Image: NASA Satellite Imagery Keeping Eye on the Gulf Oil Spill
The Moderate Resolution Imaging Spectroradiometer (MODIS) instrument on NASA’s Terra satellite captured a natural-color image. The oil slick appeared as a tangle of dull gray on the ocean surface, made visible to the satellite sensor by the sun’s reflection on the ocean surface. On May 1, most of the oil slick was southeast of the Mississippi Delta.
On Sunday, May 2, NOAA restricted fishing in federal waters of the Gulf of Mexico from the mouth of the Mississippi to Pensacola Bay for at least ten days.
The inset image was captured by the highest-resolution instrument aboard NASA's Terra spacecraft, the Advanced Spaceborne Thermal Emission and Reflection Radiometer (ASTER).

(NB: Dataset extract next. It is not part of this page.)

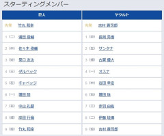 転載元: 218: どうですか解説の名無しさん 2026/04/10(金) 17:15:34.19 ID:/InSoc3xd ヤクルト戦(東京D、18:00) #巨人 4 #浦田俊輔 8 #佐々木俊輔 6 #泉口友汰 5 #ダルベック 7 #キャベッジ 3 #増田陸 9 #中山礼都 2 #岸田行倫 1 #竹丸和幸 2番にジョージ、5番にキャベッジ #ジャイアンツ #giants 220: どうですか解説の名無しさん 2026/04/10(金) 17:16:01.40 ID:/InSoc3xd 1 (二) 浦田 俊輔 1 (遊) 長岡 秀樹 2 (中) 佐々木 俊輔 2 (左) サンタナ 3 (遊) 泉口 友汰 3 (捕) 古賀 優大 4 (三) ダルベック 4 (一) オスナ 5 (左) キャベッジ 5 (中) 岩田 幸宏 6 (一) 増田 陸 6 (右) 増田 珠 7 (右) 中山 礼都 7 (三) 赤羽 由紘 8 (捕) 岸田 行倫 8 (二) 伊藤 琉偉 9 (投) 竹丸 和幸 9 (投) 吉村 貢司郎 221: どうですか解説の名無しさん 2026/04/10(金) 17:16:26.01 ID:/InSoc3xd 4/11(土)の予告先発 (G-S)マタ×山野太一 (DB-C)東克樹×ターノック (D-T)大野雄大×伊原陵人 (E-B)早川隆久×九里亜蓮 (L-M)武内夏暉×田中晴也…

On April 20, 2010, an explosion destroyed the Deepwater Horizon oil platform operating in the Gulf of Mexico 80 kilometers (50 miles) offshore, resulting in substantial loss of life and releasing 5,000 barrels of oil per day into the water. The huge oil slick was being carried towards the Mississippi River Delta, and was expected to reach the Louisiana, Alabama, and Mississippi shores as early as Monday, May 3.
The ASTER image is located at 29.0 degrees north latitude, 88.3 degrees west longitude and covers an area measuring 79.1 by 103.9 kilometers (49 by 64.4 miles), about 32 kilometers (20 miles) west of the mouth of the Mississippi River delta. No land is visible in the image.
The varying shades of white in the image reflect different thicknesses of oil (the whiter, the thicker the oil). The source of the oil spill is visible as the bright white area in the bottom center of the image. The thickest part of the spill extends vertically from it, appearing somewhat like the ash plume of an erupting volcano. The wispy patterns of the oil spill reflect the transport of the oil by waves and currents.